*** Opening RECORDS FOR THIS EXERCISE ***

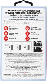 Особенности Магнитный захват (усиленные магниты) Быстрая беспроводная зарядка Защита от перегрузки по току, перегрева Поддержка QC3.0
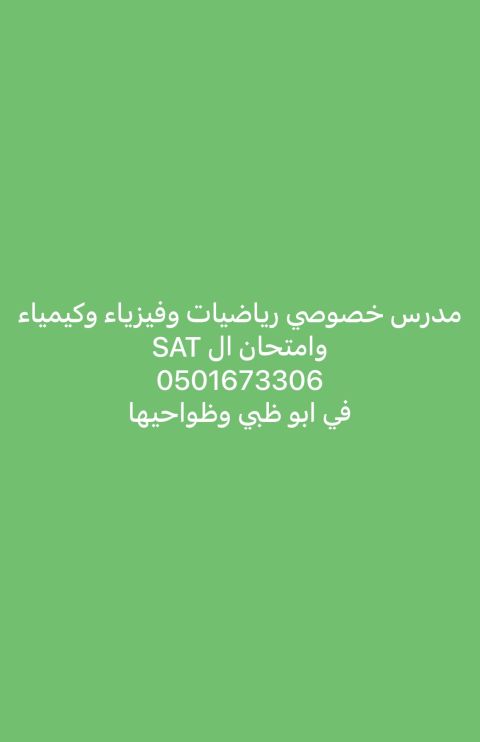 مدرس مستعد لاعطاء دروس math & physics & chemistry & SAT لكافة المراحل الاعدادية والثانوية والجامعية منهج وزاري وأمريكي وبريطاني والمدارس العسكرية ومدارس الشراكات والمدارس التقنية والتطبيقية وأدنوك وشويفات في أبوظبي وضواحيها
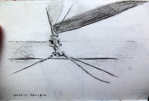 So now, left alone in slow adriftness, I watched for an age as this faster boat slowly, painfully slowly, moved to overtake us. I imagined then what it must have been like for a sailor, or merchant marine, in the days of ships of the line and cannon battles. I imagined the sail on the horizon was an enemy, coming to fight us. I imagined what it would be like to see this sail, and, more specifically, to know that it was a far superior ship in both speed and armament, and that its intention was surely to sink us. What a curious torture to be able to calculate your doom to within an one or two, or however long it takes for that ship to finally get in cannon range, light the fuses and batter our brittle defense to smithereens.
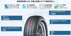 スタッドレスタイヤとしての性能では、タイヤの回転方向に刻まれた長い溝(サイプ)が旋回時のひっかき効果を高め、横滑りを抑制する「インターロッキングサイプ」、タイヤ表面にあるブロックの倒れ込みを防ぎ、氷上ブレーキ性能と雪上操縦安定性を向上させる「MAXXシャープエッジ」といったダンロップ独自の技術が与えられている。
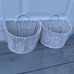 Ashland 2 White Macrame & Wire Wall /Shelf Storage Basket Organizers Boho Rope$45Germantown, MD
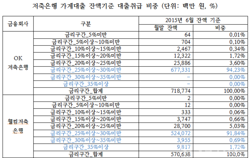 6월 기준 두 저축은행의 전체 가계신용대출 잔액 1조2894억원 중 연 금리 25% 이상의 대출 잔액이 94%(1조2151억원)에 달했다.
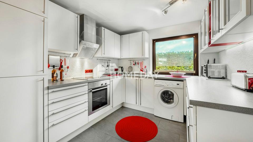 Die Küche ist funktional gehalten und fügt sich unaufgeregt in das Gesamtbild ein. Fliesen als überwiegender Bodenbelag passen ideal zu einem Haus in Meernähe. Kunststofffenster mit Doppelverglasung und Wärmeisolierung sorgen für ein angenehmes Raumklima – zu jeder Jahreszeit.
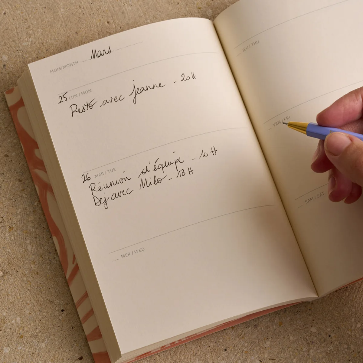Gardez toujours un oeil sur votre planning grâce à notre agenda perpétuel. Avec lui, pas de dates pré-imprimées, c’est vous qui décidez ! Son format pratique vous permettra de l’emporter partout avec vous, ses pages Notes et Dates importantes de ne rien oublier, et ses 144 pages de consigner tous vos rendez-vous et projets. Son motif Swinging sun, Vichy dessiné à la main dans une teinte jaune fruitée, donnera une touche retro à votre bureau et illuminera vos journées.
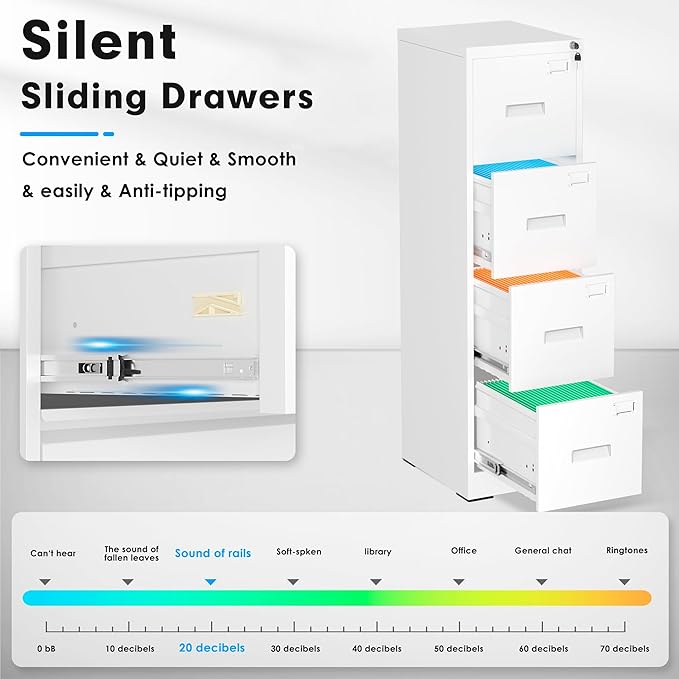 - 🗄️【Easy to Assemble】: With ball bearing full extension drawer slides, the file drawers opens completely, allowing you to access the contents in the back of the office file cabinet easily and quietly. ★Kindly reminder★: The four drawer file cabinets will be easy to assemble with following the installation video. if you're still having trouble, we'd be happy to help, just get in touch!
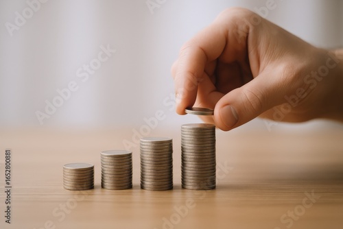 Person Stacking Coins to Represent Financial Growth, Investment Success and Savings Accumulation on Wooden Surface

*** Closing RECORDS FOR THIS EXERCISE ***

> _INSTRUCTIONS TO FOLLOW_
Beginning with the line above that contains "スタッドレスタイヤとしての性" and finishing with the line that contains "Die Küche ist", print those lines exactly and only. Skip all pictures.

> _REPLY TO THE EXERCISE_
 スタッドレスタイヤとしての性能では、タイヤの回転方向に刻まれた長い溝(サイプ)が旋回時のひっかき効果を高め、横滑りを抑制する「インターロッキングサイプ」、タイヤ表面にあるブロックの倒れ込みを防ぎ、氷上ブレーキ性能と雪上操縦安定性を向上させる「MAXXシャープエッジ」といったダンロップ独自の技術が与えられている。
 Ashland 2 White Macrame & Wire Wall /Shelf Storage Basket Organizers Boho Rope$45Germantown, MD
 6월 기준 두 저축은행의 전체 가계신용대출 잔액 1조2894억원 중 연 금리 25% 이상의 대출 잔액이 94%(1조2151억원)에 달했다.
 Die Küche ist funktional gehalten und fügt sich unaufgeregt in das Gesamtbild ein. Fliesen als überwiegender Bodenbelag passen ideal zu einem Haus in Meernähe. Kunststofffenster mit Doppelverglasung und Wärmeisolierung sorgen für ein angenehmes Raumklima – zu jeder Jahreszeit.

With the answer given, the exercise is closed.